Buenos Aires, 28 mayo (NA) — El diputado nacional de Provincias Unidas Esteban Paulón presentó un proyecto para legalizar la eutanasia y la muerte voluntaria médicamente asistida, garantizando su cobertura obligatoria en hospitales públicos, obras sociales y prepagas.

La iniciativa del socialista santafesino reconoce el derecho de toda persona que sufre condiciones determinadas a requerir asistencia médica para poner fin a su vida de forma digna y bajo un procedimiento regulado.

El objetivo es que las personas que sufren padecimientos extremos puedan tomar decisiones libres, informadas, con respeto a su autonomía y sin presiones externas, pero también que haya supervisión estatal estricta.

En varios países de América y de Europa, la eutanasia y la muerte asistida están legalizadas y reguladas, aunque cada caso nuevo que aparece sigue despertando polémicas a raíz de las implicancias éticas que se ponen en juego en ese tipo de decisiones.

En España, el caso más reciente que generó conmoción y repercusiones más allá de las fronteras de ese país fue el de la joven de 25 años Noelia Castillo Ramos, quien recibió la eutanasia el 26 de marzo tras una prolongada batalla judicial.

Días después, el presidente Javier Milei dio su parecer acerca del tema de la eutanasia durante una entrevista a un medio español donde señaló no estar “de acuerdo” con la muerte asistida alegando que para él “la vida es un regalo” que se debe “honrar” y que vivir cada día “es un motivo de alegría”.

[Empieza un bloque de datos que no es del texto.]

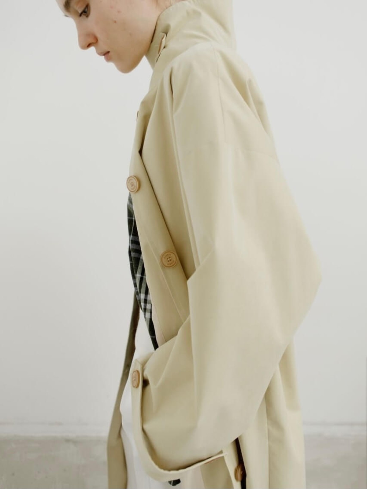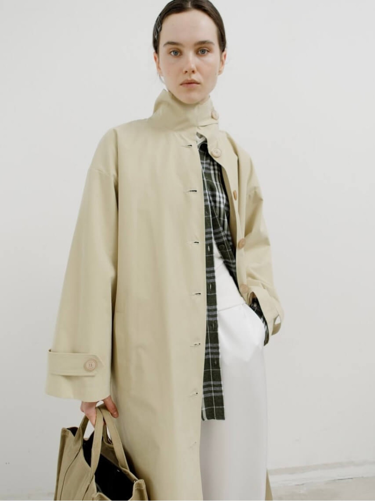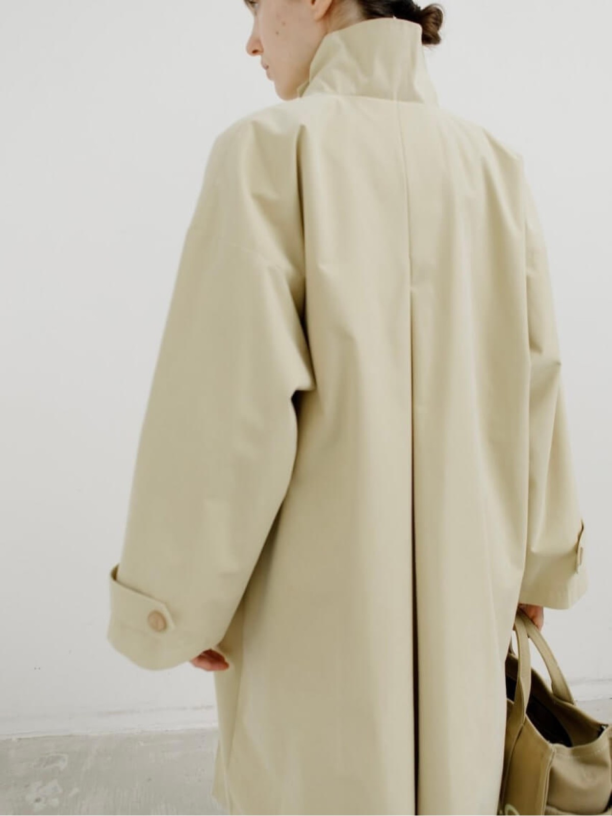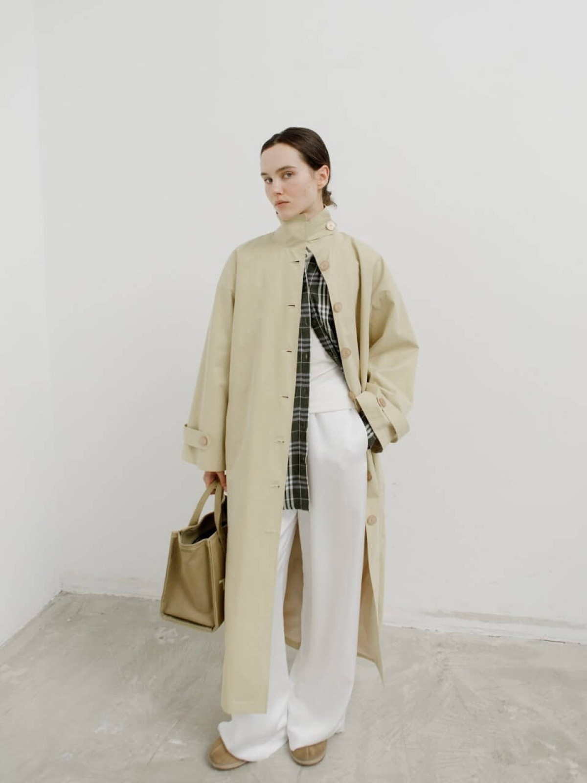 Модель выполнена из легкой ткани, которая защищает от ветра и дождя и отличается лаконичным кроем с высоким воротом-стойкой. Длина миди и свободный силуэт делают тренч универсальным: он одинаково органично смотрится и с платьем, и с брюками.

El proyecto de Paulón reaviva un debate que ya tiene un recorrido y un historial de propuestas en el Congreso: en el pasado reciente han presentado iniciativas de ley los diputados nacionales Lisandro Nieri, Gabriela Estévez, Mara Brawer (MC) y Miguel Ángel Pichetto.

La propuesta del diputado santafesino abarca tanto la eutanasia, en la que un profesional de la salud administra un fármaco letal a pedido del paciente, y la muerte asistida, donde es el paciente quien se auto administra la sustancia prescrita.

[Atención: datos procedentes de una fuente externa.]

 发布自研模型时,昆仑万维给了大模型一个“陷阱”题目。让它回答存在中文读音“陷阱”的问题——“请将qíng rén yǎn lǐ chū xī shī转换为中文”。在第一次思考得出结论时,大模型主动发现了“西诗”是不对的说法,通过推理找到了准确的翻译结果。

El requisito para poder acceder a uno de estos dos procedimientos es padecer una enfermedad grave e incurable o un cuadro crónico que provoque un sufrimiento considerado intolerable.

A su vez, se requiere haber manifestado la voluntad expresa de morir de manera reiterada y contar con pleno consentimiento informado.

En ese sentido, el paciente debe efectuar al menos dos solicitudes separadas en el tiempo y puede revocar su decisión en cualquier momento.

El protocolo incluye diversas instancias de control, desde una evaluación del profesional médico a cargo del paciente, pasando por la consulta a un equipo interdisciplinario de acompañamiento para verificar si la persona tiene capacidad y está en condiciones psíquicas para tomar dicha decisión.

La tercera etapa del procedimiento es la intervención de un médico externo e independiente, y por última una comisión evaluadora que debe emitir un dictamen previo obligatorio.

En tanto, la iniciativa reconoce el derecho a dejar directivas anticipadas para solicitar la muerte asistida para el caso de pérdida de la capacidad de decidir.

Por otra parte, el proyecto habilita la objeción de conciencia individual para los profesionales médicos que se nieguen a intervenir en casos de eutanasia o muerte asistida, pero se prohíbe expresamente que instituciones médicas la invoquen para impedir el acceso al procedimiento.